Let $ H $ be a proper subgroup of $ G $ . Then is \begin{align*} \rho :G\times (G:H)& \rightarrow (G:H) \\ (g,hH)& \mapsto ghH \end{align*} a well defined action? This is the left multiplication action and it seems to satisfy all conditions except for the fact that I am not sure that this is even a proper map. Let me elaborate. As $ H $ is not necesseraly normal, coset multiplication is not well defined. Thus if we consider \begin{align*} h_1 H=h_2 H, \end{align*} i.e. $ h_1 h_2 ^{-1}\in H $, we need not have \begin{align*} \rho (g,h_1 H)=\rho (g,h_2 H) \tag{\(*\)} \end{align*} as \begin{align*} (*)& \iff gh_1 H=gh_2 H \\ & \iff gh_1 ( gh_2 )^{-1}\in H \\ & \iff gh_1 h_2 ^{-1} g^{-1} \in H \end{align*} need not be true as $ H $ is not neceserally a normal subgroup.
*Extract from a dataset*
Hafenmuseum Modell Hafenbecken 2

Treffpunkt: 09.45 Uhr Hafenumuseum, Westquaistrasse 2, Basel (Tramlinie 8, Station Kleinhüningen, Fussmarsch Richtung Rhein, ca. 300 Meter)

Main Question: Is the action well defined?

I would really appreciate if someone can explain this to me.


Solution 1:

You messed up the condition for equality of left cosets.
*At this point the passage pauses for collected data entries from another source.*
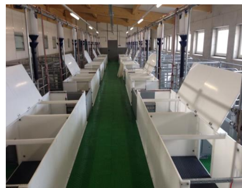
Universität Wien, Österreich
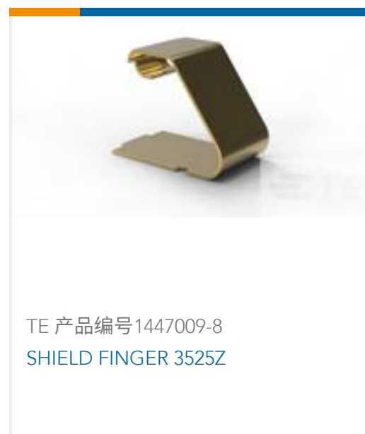
TE 产品编号1447009-8 SHIELD FINGER 3525Z
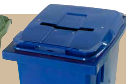
Låg med papirindkaståbning Låsbart til fortroligt papir. 190 liter (låg). Art.nr 0190 804 190 liter (beholder). Art.nr 0190 610
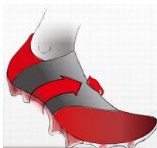
『タングバンド構造』

「REBULA 2」では、シュータン部分にバンド構造を採用し、履き口に足当たりの良いスウェード調の素材を使用することで、フィット感をさらに向上させました。
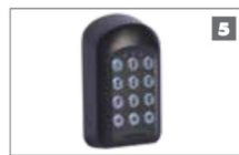
5 Teclados SMARTGUARD o SMARTGUARDair Teclados inalámbricos, rentables y versátiles para permitir el acceso de los peatones.

Recall that $xH=yH$ if and only if $y^{-1}xH=H$, if and only if $y^{-1}x\in H$.

So if $xH=yH$ and $g\in G$, then $y^{-1}x\in H$, hence $y^{-1}(g^{-1}g)x\in H$, hence $(y^{-1}g^{-1})(gx)\in H$, hence $(gy)^{-1}(gx)\in H$, hence $gxH = gyH$. So the action is well defined.